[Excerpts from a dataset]
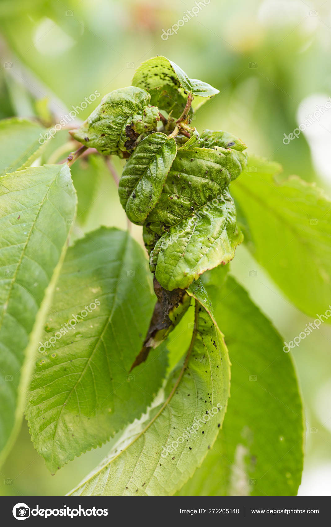 Branch Of Fruit Tree With Wrinkled Leaves Affected By Black Aphid
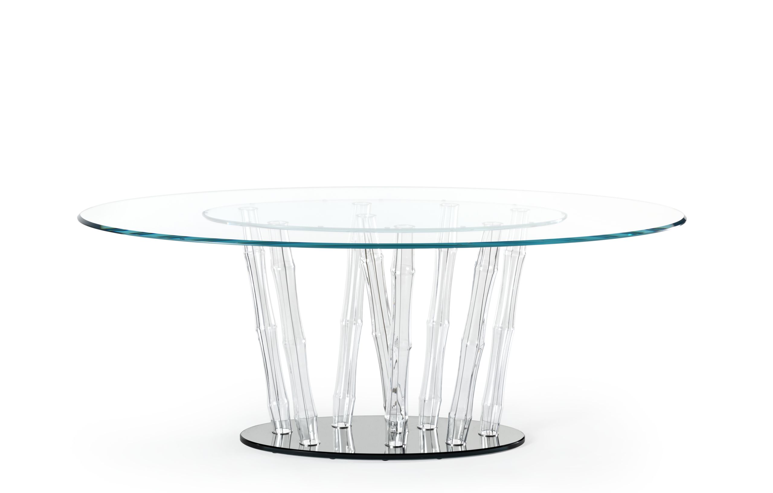 Tavolo da pranzo con base composta da bastoni in vetro di Murano con filigrana Tortora, zoccolo in specchio fumé e sotto-top in vetro extrachiaro.
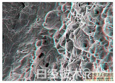 圖3:金屬截面的立體圖像。黑白圖像中難以區(qū)分出凹凸部分,戴上紅藍眼鏡即可看立體畫面。
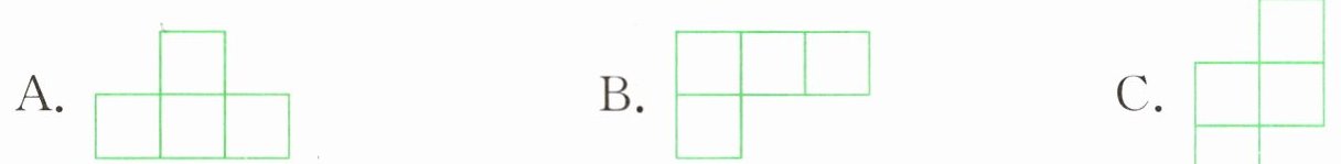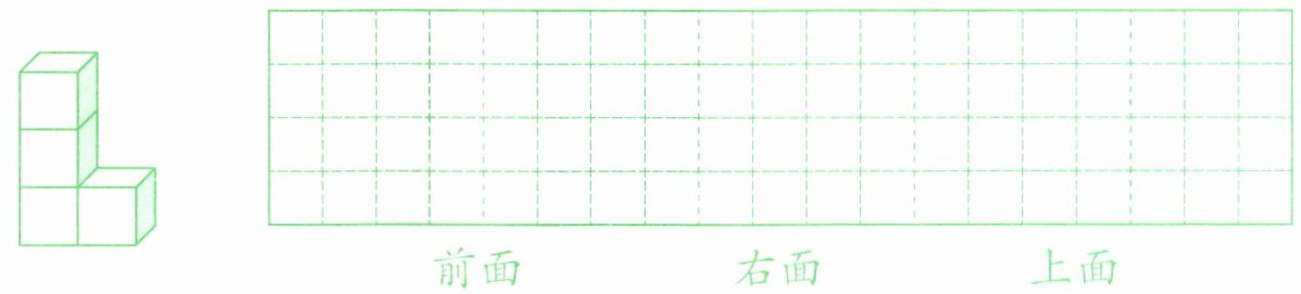 3. 用4个同样大的正方体摆成下面的物体。从前面、右面和上面看到的分别是什么图形?在方格纸上画一画。
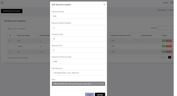 This guide explains how to create and manage discount coupons in the restaurant POS system. You will learn how to define coupon details in English and Arabic, set the discount percentage, define usage limits, and exclude specific items from receiving the discount.
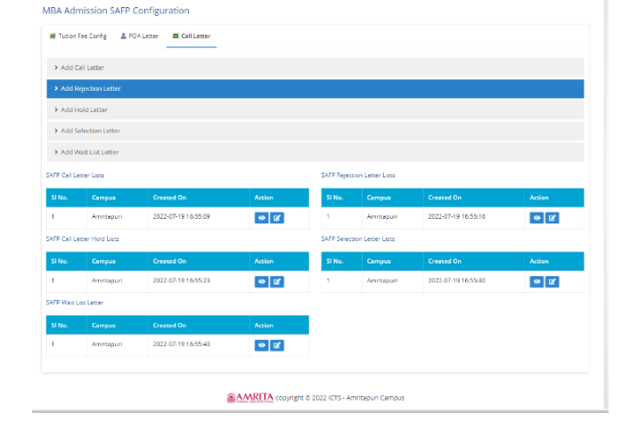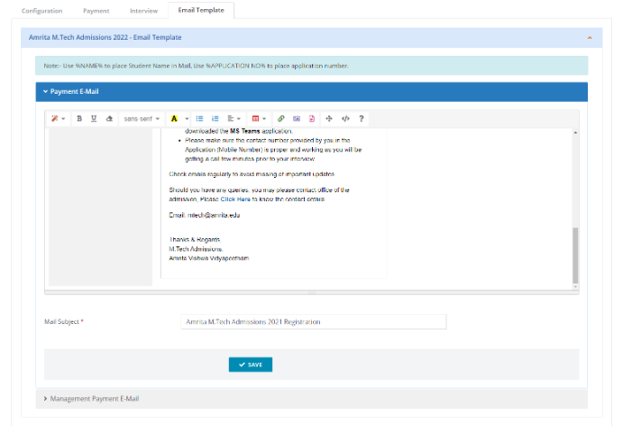 Here you can add the email templates of campus-based below-mentioned letters, which will be used to send automatically to the applicant. You can create your own HTML templates and add them here using the code view option in the toolbar.
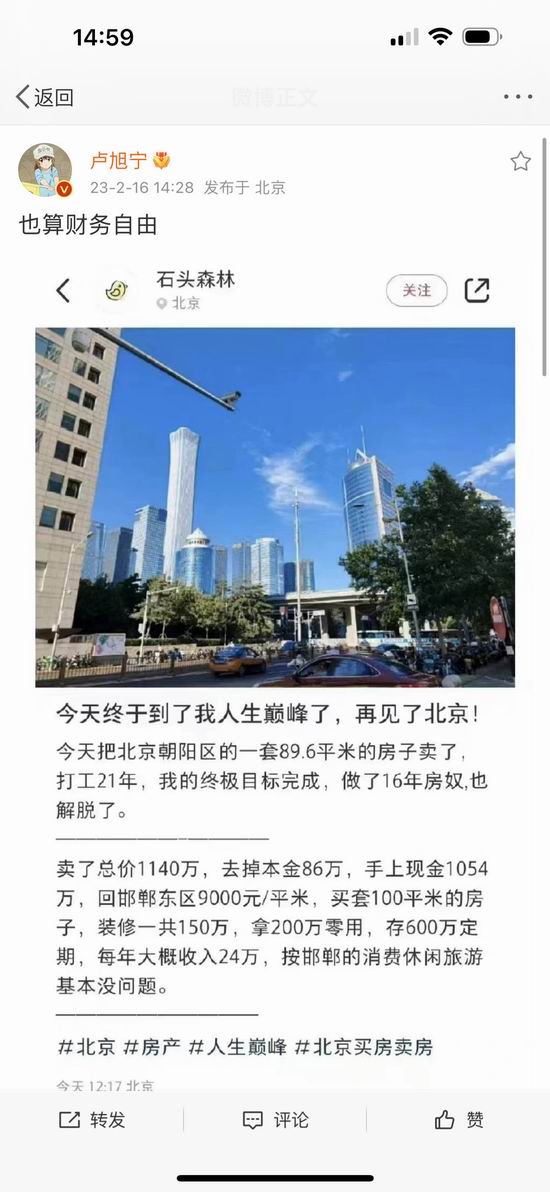@sven_shi:“他的孩子怎么办?” 我看见这句话的时候就真的感觉我们对教育的魔怔早就应该在房地产面前破灭了。事情就是个网友晒他的成功人生。他早年在北京买了套 90 平的房子,现在把房子卖了手里拿着 1000 多万的现金回老家逍遥了。
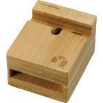 素材は天然のラバーウッドを使用。ナチュラルな色合いと木目をいかしたおしゃれなデザインを採用しています。また、下部にはケーブルを通す穴がついており、充電しながら使用できるのもメリット。iPhoneやAndroidなど多くのスマホに対応しています。ちょっとしたプレゼントや景品としてもおすすめです。
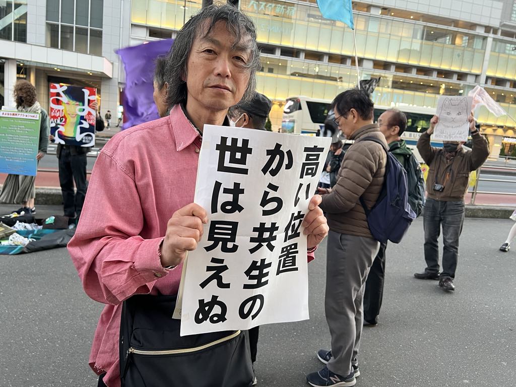 高市=「高い位置」。その通りだ。=3日夕、新宿南口 撮影:田中龍作=
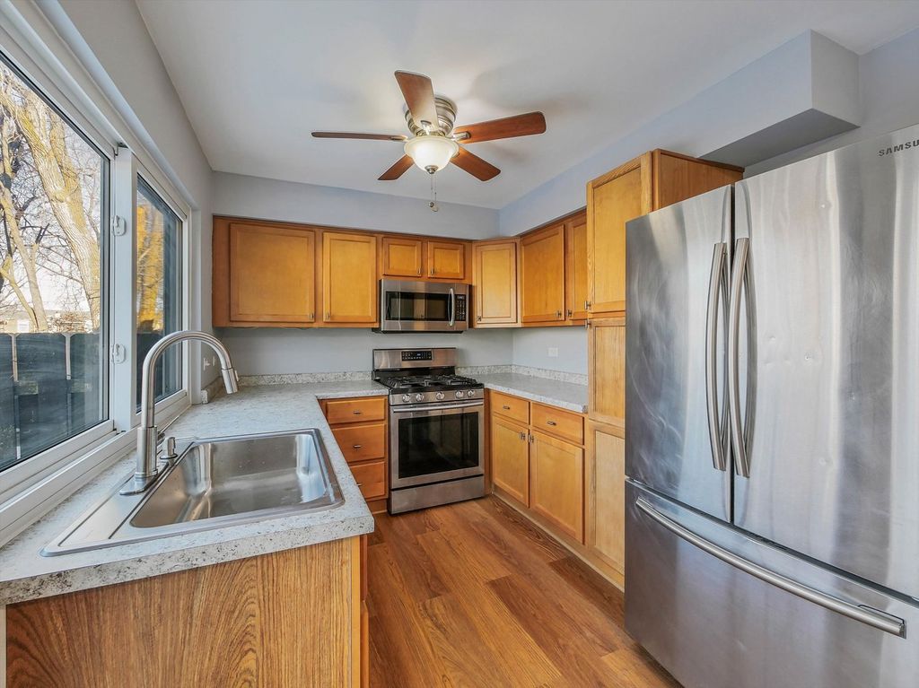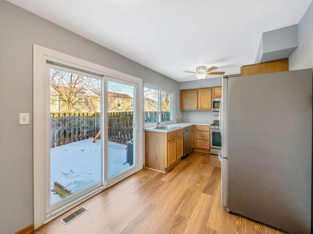 Move-in ready townhome is ready for new owners to call it home. Don't miss out on this spacious 3-story 2 bedroom 1.5 bath with private entrance, garage and yard. Home features so many upgrades. Freshly painted throughout with new flooring. Two large bedrooms with brand new carpet. Eat-in kitchen with new laminate floors. Huge living room and separate dining room. First floor with full laundry, storage and work area. 1 car garage with driveway space for 2 additional cars. Upgrades include: *2026 carpet*2026 kitchen floors*2022 Gilkey rear windows and patio door*2021 Air Conditioner*2018 furnace*2018 Samsung kitchen appliances*2000 hardwood and front windows. Prime location, close to everything. A great place to call home.
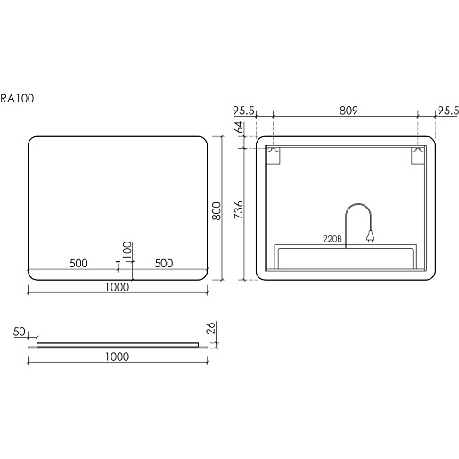 Sancos Зеркало Ray 100/80 c подсветкой RA1000
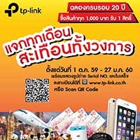 TP-Link ผู้นำด้านนวัตกรรมอุปกรณ์เน็ตเวิร์คสำหรับบ้าน และธุรกิจขนาดเล็กและขนาดกลาง เปิดเผยว่า เนื่องในโอกาสที่บริษัทฉลองครบรอบ 20 ปี ได้จัดโปรโมชั่น “แจกทุกเดือน สะเทือนทั้งวงการ” เมื่อซื้อสินค้าทุก 1,000 บาท รับ 1 สิทธิ์เพียงนำใบเสร็จมาลงทะเบียนที่ http://tp-link-thaiforum.com/promotion2/register/index.php จับรางวัลรายเดือนและรางวัลใหญ่ช่วงสิ้นปี
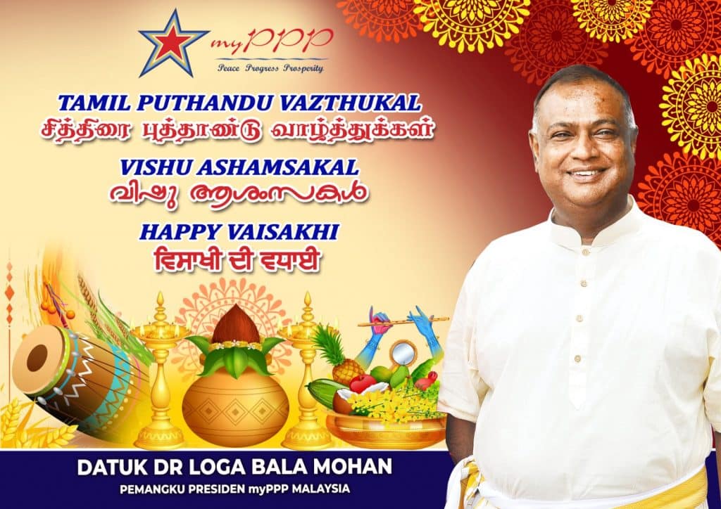 கோலாலம்பூர், ஏப்ரல் 13: சித்திரை புத்தாண்டு, வைசாகி விஷு பண்டிகையைக் கொண்டாடி மகிழும் தமிழர், சீக்கியர் மற்றும் மலையாளி சமூகத்தினருக்கு மைபிபிபி கட்சியின் இடைக்கால தேசிய தலைவர் டத்தோ டாக்டர் லோகபாலா தமது வாழ்த்துகளைத் தெரிவித்துக் கொண்டுள்ளார்
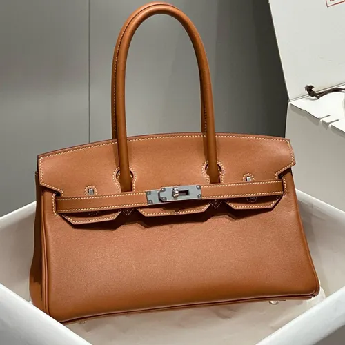전통 버킨보다 높이를 줄이고, 가로를 늘린 디자인으로 숄더 착용이 가능하며, 보다 실용적이고 모던한 분위기를 제공합니다.
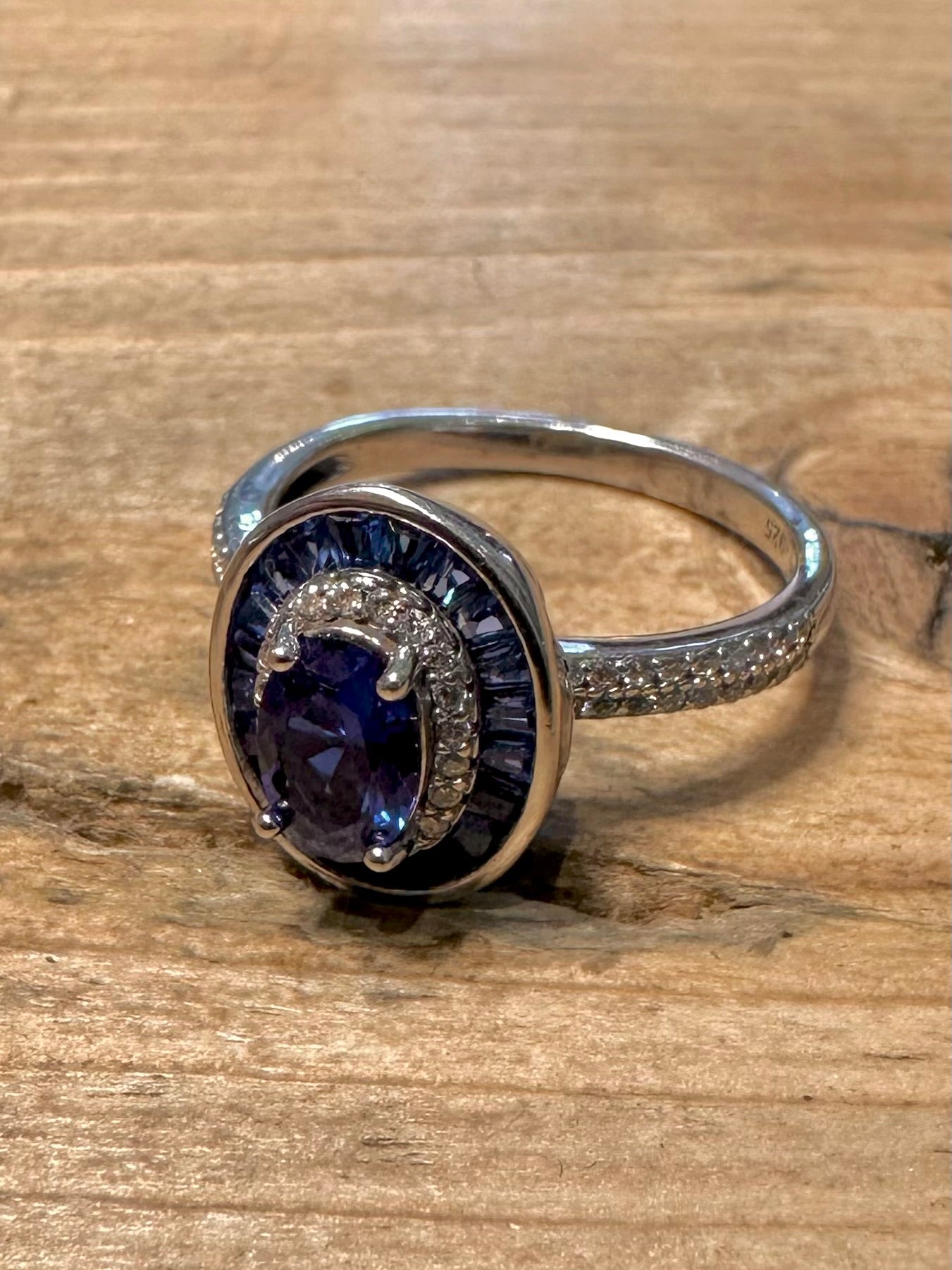 Modern Blue and White Stones 925 Silver Size Q Ring
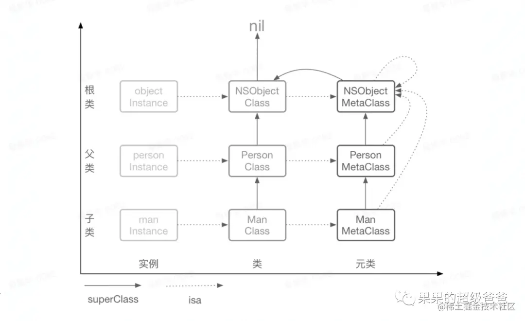 2、元类继承父元类最终都继承根元类NSObject MetaClass
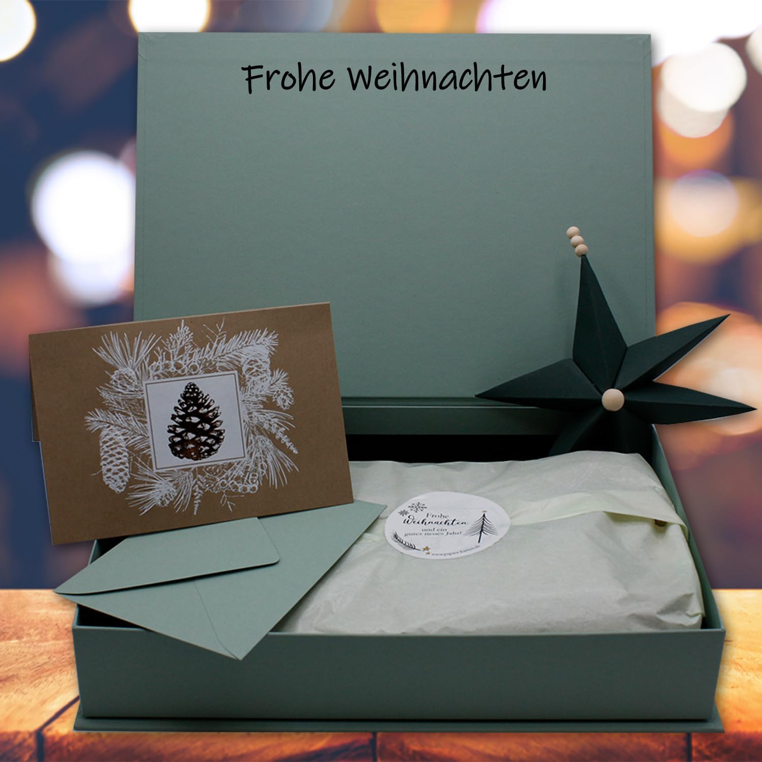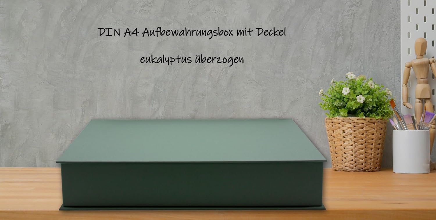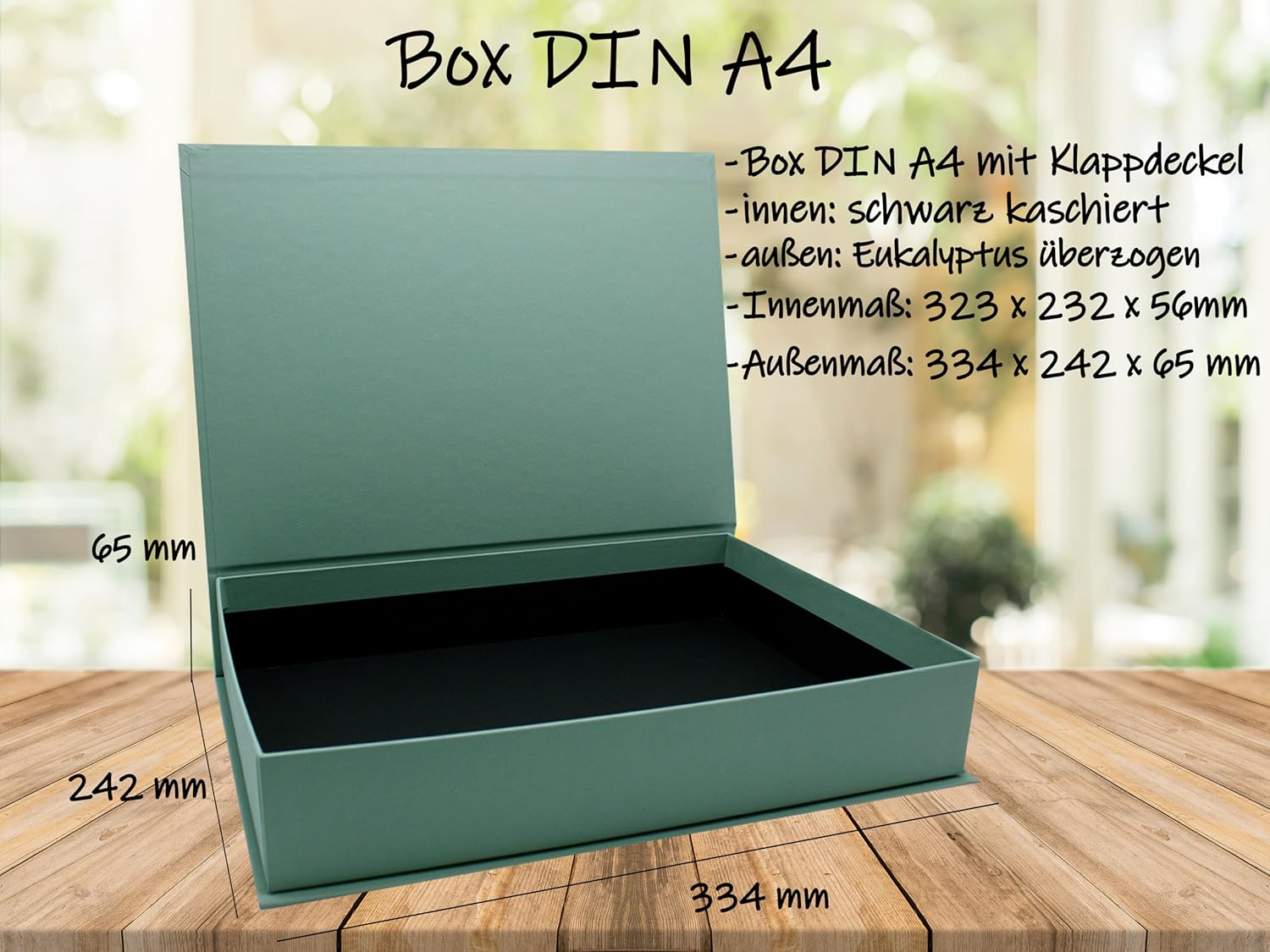 1 scatola regalo stabile e di alta qualità con coperchio, ideale per riporre documenti, lettere d'amore, portagioie o come confezione regalo per compleanni e tutte le altre celebrazioni. Riceverete una robusta scatola portaoggetti rivestita con carta di eucalipto di alta qualità: la scatola è rivestita internamente di nero e realizzata in robusto cartone per libri. Per te, come regalo o come decorazione. Dimensioni interne: 323 x 232 x 56 mm o lunghezza 32,3 cm x larghezza 23,2 cm x altezza 5,6 cm. Perfettamente adatto per documenti DIN A4 - dimensioni esterne: 334 x 242 x 65 mm o lunghezza 33,4 cm x larghezza 24,2 cm x altezza 6,5 cm. Design molto stabile, impilabile grazie al coperchio sporgente. Il contenuto è sempre protetto grazie al coperchio incernierato. Questa confezione regalo robusta e di alta qualità è disponibile in diverse dimensioni e colori - sfoglia il nostro negozio - NEUSER PAPIER: il professionista della carta e della carta da oltre 100 anni.

* _Exercise description_: The lines to copy run from the line containing "2、元类继承父元类最终都继承根元类NSObject MetaClass" through the end of the data above; copy exactly those, minus the pictures.

* _Response_:
 2、元类继承父元类最终都继承根元类NSObject MetaClass
 1 scatola regalo stabile e di alta qualità con coperchio, ideale per riporre documenti, lettere d'amore, portagioie o come confezione regalo per compleanni e tutte le altre celebrazioni. Riceverete una robusta scatola portaoggetti rivestita con carta di eucalipto di alta qualità: la scatola è rivestita internamente di nero e realizzata in robusto cartone per libri. Per te, come regalo o come decorazione. Dimensioni interne: 323 x 232 x 56 mm o lunghezza 32,3 cm x larghezza 23,2 cm x altezza 5,6 cm. Perfettamente adatto per documenti DIN A4 - dimensioni esterne: 334 x 242 x 65 mm o lunghezza 33,4 cm x larghezza 24,2 cm x altezza 6,5 cm. Design molto stabile, impilabile grazie al coperchio sporgente. Il contenuto è sempre protetto grazie al coperchio incernierato. Questa confezione regalo robusta e di alta qualità è disponibile in diverse dimensioni e colori - sfoglia il nostro negozio - NEUSER PAPIER: il professionista della carta e della carta da oltre 100 anni.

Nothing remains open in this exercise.